Say you have an array for which the i-th element is the price of a given stock on day i.
Design an algorithm to find the maximum profit. You may complete at most k transactions.
Note:
You may not engage in multiple transactions at the same time (ie, you must sell the stock before you buy again).
Example 1:
Input: [2,4,1], k = 2
Output: 2
Explanation: Buy on day 1 (price = 2) and sell on day 2 (price = 4), profit = 4-2 = 2.
Example 2:
Input: [3,2,6,5,0,3], k = 2
Output: 7
Explanation: Buy on day 2 (price = 2) and sell on day 3 (price = 6), profit = 6-2 = 4.
Then buy on day 5 (price = 0) and sell on day 6 (price = 3), profit = 3-0 = 3.

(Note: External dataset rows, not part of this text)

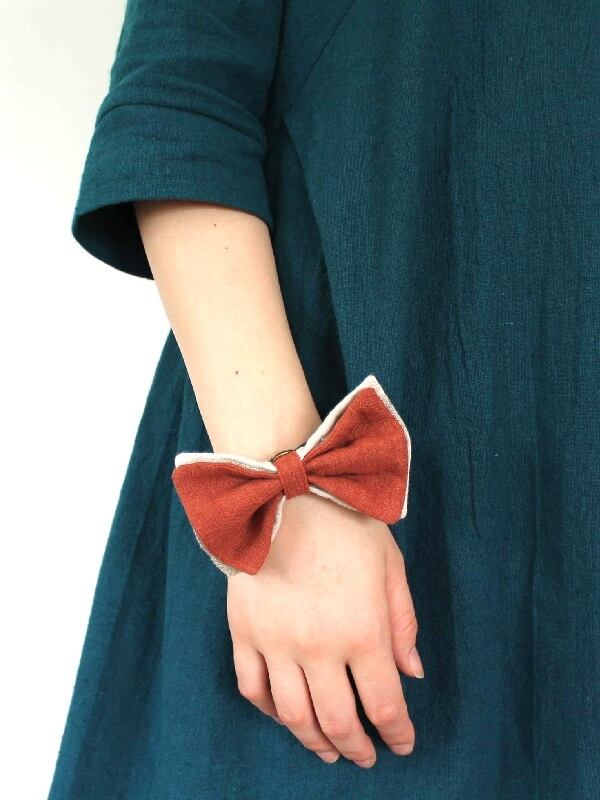 3つのリネンを重ねあわせた、可愛らしいリボンのヘアゴムです。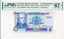 13.9.1996. Dark blue and purple on multicolor underprint. Sir W. Scott at left, bank arms at center. Back: Bank head office building at lower left, medallion of Pallas seated, arms and medallion of sailing s Watermark: Sir W. Scott. Printer: TDLR (without imprint).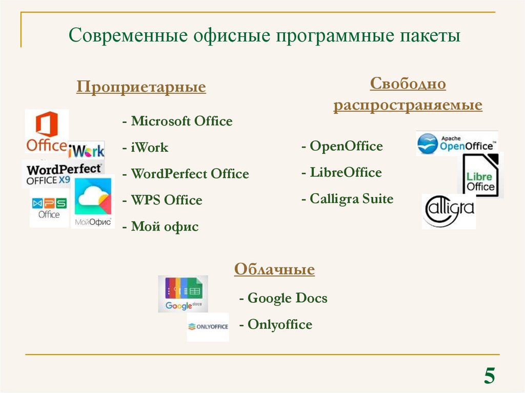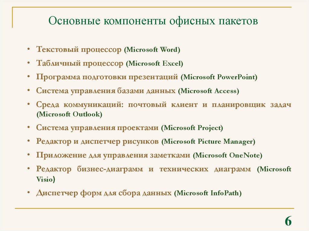 - офисные пакеты наряду с операционной системой рассматриваются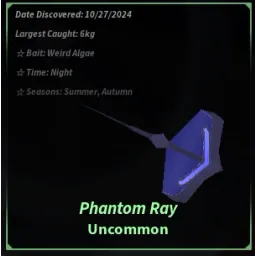 UncommonThe Phantom Ray is an Uncommon fish obtainable in the Desolate Deep. Due to its low rarity, it makes for an easy catch, moving slow and steady across the fishing bar.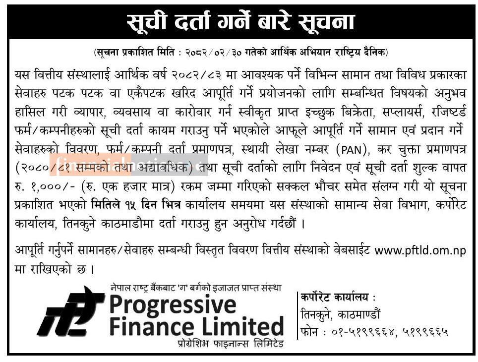 सूची दर्ता गर्ने सम्बन्धी सूचना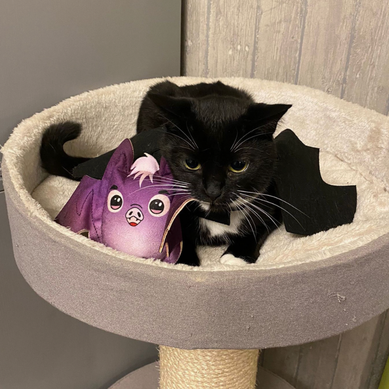 Transformez la saison d’Halloween en une fête pleine de câlins et de jeux pour votre chat ! Cette chauve-souris n’a rien d’effrayant : avec ses grands yeux ronds et son petit museau, elle se transforme vite en compagnon de jeu irrésistible.

說明:參考 https://blog.csdn.net/linhuanmars/article/details/23236995
class Solution {
public int maxProfit(int k, int[] prices) {
if(prices.length < 2) {
return 0;
}
if(k >= prices.length) {
return nmaxp(prices);
}
//參考:https://blog.csdn.net/xiaocong1990/article/details/80528110
int[] global = new int[k + 1];
int[] local = new int[k + 1];
for(int i = 1; i < prices.length; i++) {
int diff = prices[i] - prices[i - 1];
//因爲local[j]和global[j]的計算需要依賴於i - 1次計算的local[j-1]和global[j -1],所以需要j從高到低進行遍歷,這樣纔不會變
for(int j = k; j >0; j--) {
local[j] = Math.max(global[j - 1] + Math.max(diff, 0), local[j] + diff);
global[j] = Math.max(local[j], global[j]);
}
}
return global[k];
}
public int nmaxp(int[] prices) {
int sum = 0;
for(int i = 1; i <prices.length; i++) {
if(prices[i] > prices[i- 1]) {
sum += prices[i] - prices[i - 1];
}
}
return sum;
}
}